Why Reports of Serious Adverse Drug Events Continue to Grow
In this QuarterWatch™ report we analyze signals for duloxetine (CYMBALTA) and serious withdrawal symptoms; pioglitazone (ACTOS) and reported bladder cancer; aliskiren (TEKTURNA) and angioedema, and rivaroxaban (XARELTO) and thromboembolic events.
The last four years have seen a 90% increase in the number of serious adverse drug event reports received by the Food and Drug Administration (FDA). Investigating the reasons for the four-year trend, we concluded that they could be divided into three groups. Reports for new drugs not widely used in 2008 accounted for 23% of the growth; increasing reports for drugs seen in all four years accounted for 40%. The substantial remainder (37%) was due to special circumstances involving a few suspect drugs that resulted in greatly increased numbers of reports. We examine the reasons for the increase in detail in the full report.

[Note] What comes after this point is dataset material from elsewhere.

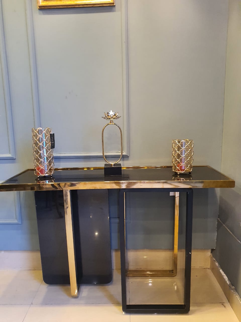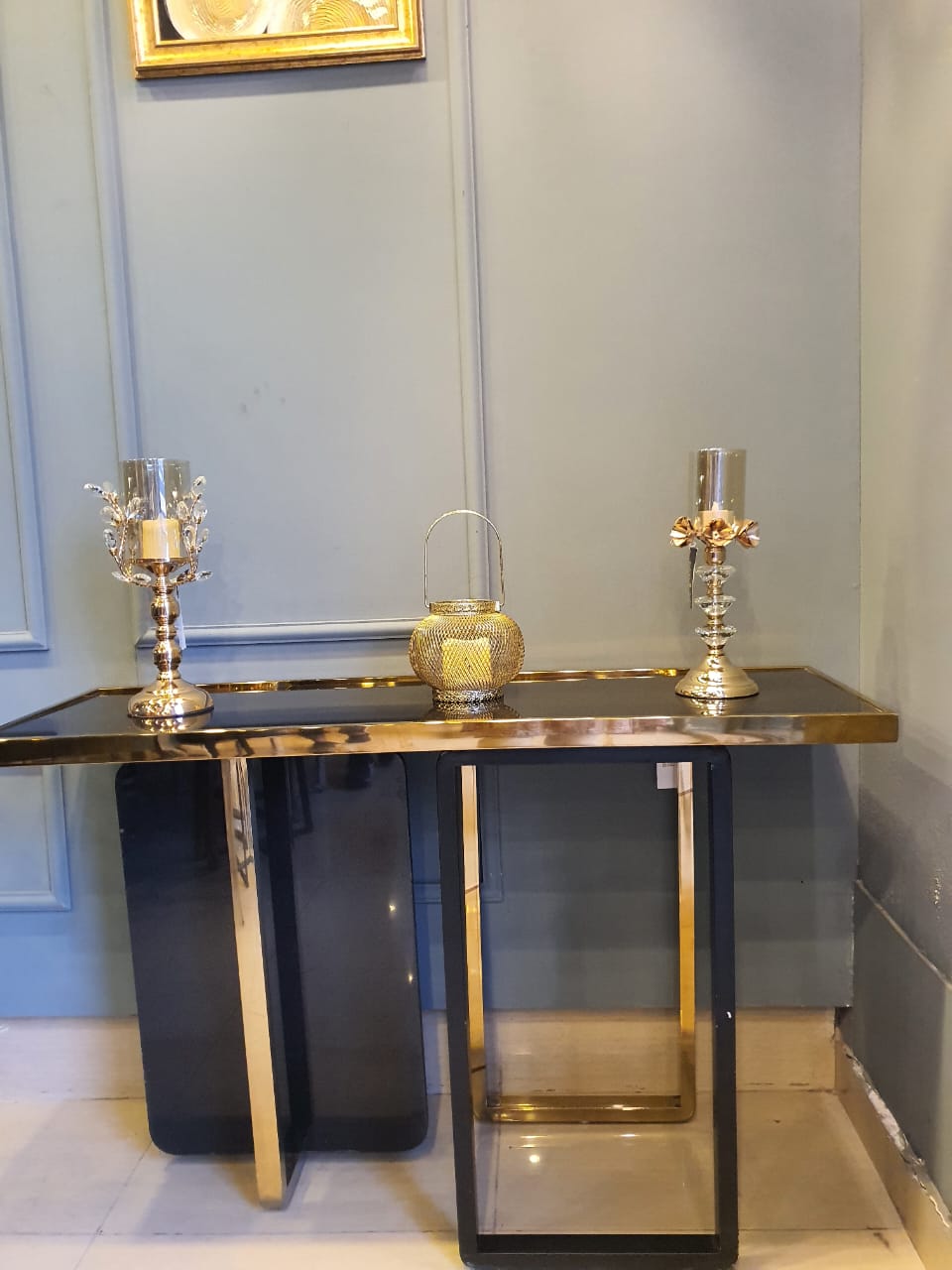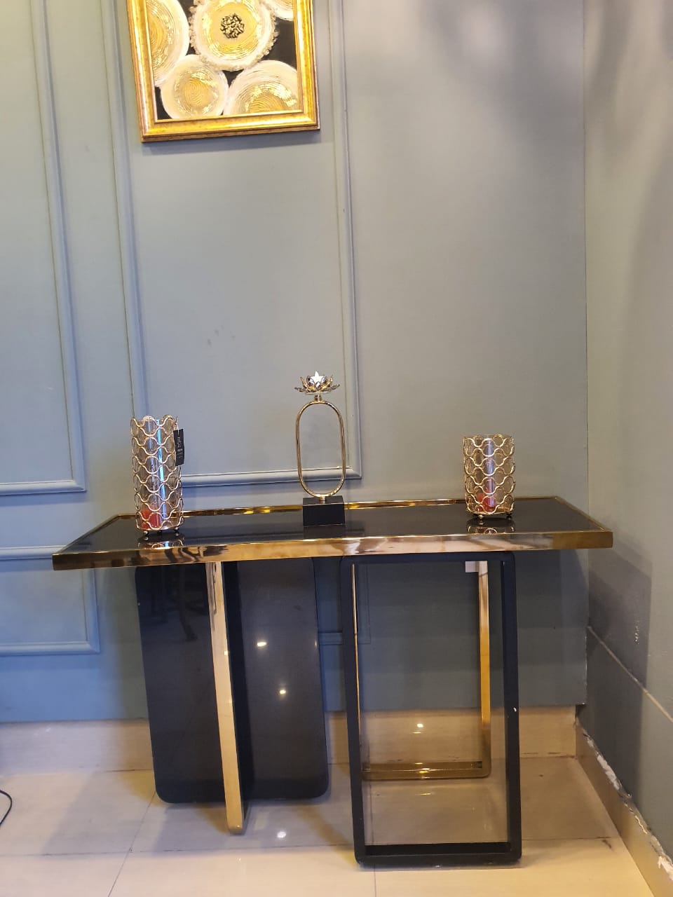 Magnificently crafted SS strip console table carved with marble that gives you that classic Romanesque look combining with a modern touch. An ideal addition to your lobby or reception area

QuarterWatch™ is an independent publication of the Institute for Safe Medication Practices (ISMP). We analyze computer excerpts from the US Food and Drug Administration (FDA) Adverse Event Reporting System (FAERS). These reports (best known as MedWatch reports) are a cornerstone of the nation’s system for monitoring the safety of prescription drugs after FDA marketing approval.